Further, we calculate the average values of these performance measures using the testing dataset for each method, respectively. Table 4 gives the overall performance for each method. As shown in Table 4, the sensitivity of our method achieves 0.44 which is the same as the Pep-3D-Search and the highest among the 4 methods. The specificity is slightly lower than the EpiSearch which has the best specificity measure of 0.83 on this testing dataset. However, the new method was rated the best with a PPV of 0.33 which is improved a lot than the other methods.
In general, our new method demonstrates overall higher prediction accuracy than MimoPro and other three mimotope-based conformational B-cell epitope prediction methods on the testing dataset.
B-cell epitope prediction is important for vaccine design, development of diagnostic reagents, and interpretation of the antigen-antibody interactions on a molecular level. Localizing epitopes by experimental methods is expensive in terms of time, cost, and effort; therefore, computational methods feature for its low cost and high speed was employed to predict B-cell epitopes. In these years, lots of computational methods have been proposed for epitope prediction. These methods predict epitopes either by antigen structure or by mapping mimotopes to the original antigen surface.
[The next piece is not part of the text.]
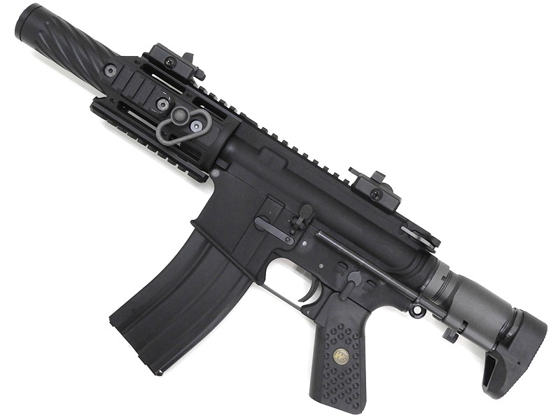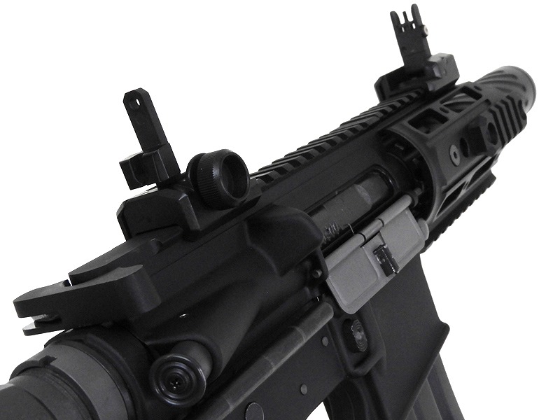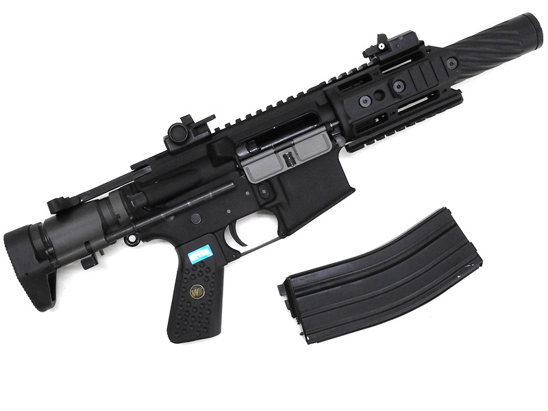 WE-Tech社がH&K HK416Cをベースに製造したカスタムガン。全体にコンパクトにまとめられており、デフォルトで装備されたサイレンサーが印象的です。レシーバーには45度ごとの各面にレールを装着することができます。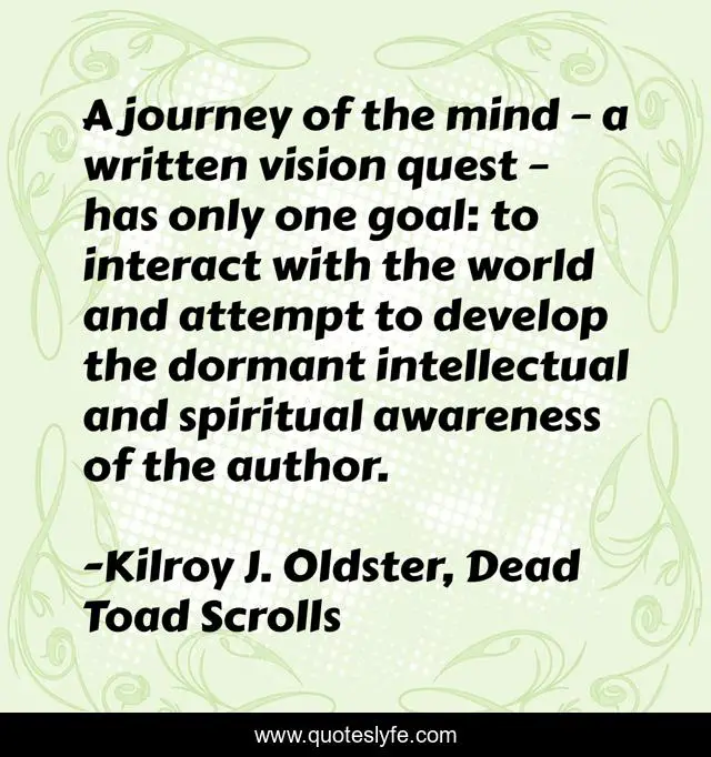 This page presents the quote "A journey of the mind – a written vision quest – has only one goal: to interact with the world and attempt to develop the dormant intellectual and spiritual awareness of the author.". Author of this quote is Kilroy J. Oldster, Dead Toad Scrolls. This quote is about spiritual-growth, memoir, awareness, intellectual, writing,.

In this study, we proposed a new epitope prediction method based on antigen preprocessing by six epitope propensity scales and MimoPro searching. The performance of the method is superior to random prediction. Besides specificity, PPV measure improved a lot compared to MimoPro on the testing datasets. Compared with Pep-3D-Search, EpiSearch, and PepSurf, three other mimotope-based tools, testing results from the new method have shown that in most cases, it performed equal to or better than the what three methods did. On average from 18 test cases, performance of the new method indicated by sensitivity, PPV, and F value is better than that of Pep-3D-Search, EpiSearch, and PepSurf in epitope prediction. This implies that the new method is a viable alternative to, if not the preferred choice, all of PepSurf, Pep-3D-Search, EpiSearch, and MimoPro for epitope prediction in the same kind.
However, the new method is the first attempt to combine the idea of structure-based method and mimotope-based method, and the method is an improvement of our MimoPro. As seen from the results that for extremely difficult cases where amino acids forming the epitope include both consecutive segments and isolated amino acids, such as 3BT1 and 2HYM, the method failed in producing any useful mappings. This indicated where our method should be further improved although outcomes from PepSurf, EpiSearch, and Pep-3D-Search for the two test cases were not good either. Potentially this could be achieved through the following aspects in future. Firstly, selecting effective features or feature combination may potentially improve the performance of antigen processing. Secondly, to improve the performance of mapping mimotopes to the antigen surface, a more appropriate substitution matrix according to a specific application should be adopted so that graph rating is more meaningful to such application. In addition, intelligent searching algorithm could be modified so that the highly rated patches are searched first to make searching more efficient.